Lower back pain is one of the most common reasons for visiting a chiropractor, primarily because it can prove to be so debilitating. There are several potential causes of this painful problem.
One of the main reasons people seek lower back pain chiropractic treatment is because they are suffering from a tight psoas muscle.
For many people, this comes as a surprise since they were unaware that they even had a psoas muscle in the first place! This thick, large muscle can prove to be extremely problematic.
Tightness in this muscle is one of the most common issues that we see among those visiting us for lower back pain chiropractic treatment in Garden City, MI.
Where Is My Psoas Muscle?
For those who have never heard of the Psoas muscle, it is one of the human body’s thickest and largest muscles.

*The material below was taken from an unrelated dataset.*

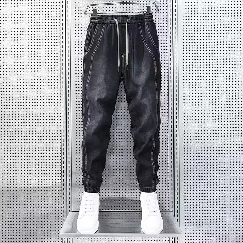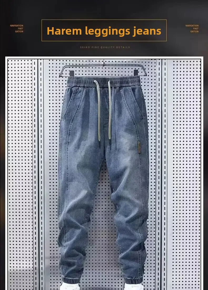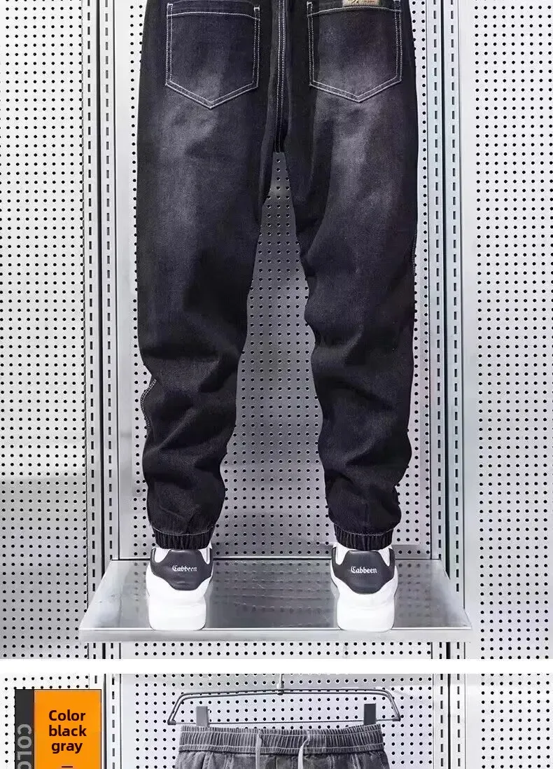 Retro American Style Men's Jeans Spring Autumn Thin Loose Harem Waist Casual Elastic Loose Fit Jeans Comfortable Loose Style

The Psoas muscle begins at the spine’s lower vertebrae before inserting onto the femur’s posterior aspect. It is the primary hip flexor muscle, allowing us to move our legs upwards towards the chest from the hip.
It is especially helpful in enabling us to bend to the side, contracting only one side of the body, and in allowing us to flex our torso, bringing the leg and trunk closer together.
How Does the Psoas Muscle Cause My Back Pain?
If you need lower back pain chiropractic treatment due to a tight Psoas muscle, you’re probably wondering why this should be the case.
Those who have a very sedentary lifestyle – for example, those who work in office jobs – can often develop a tight Psoas muscle since their hip constantly remains flexed. When this muscle remains in its shortened state, it starts to become adapted to this flexed position which then becomes its new “normal.”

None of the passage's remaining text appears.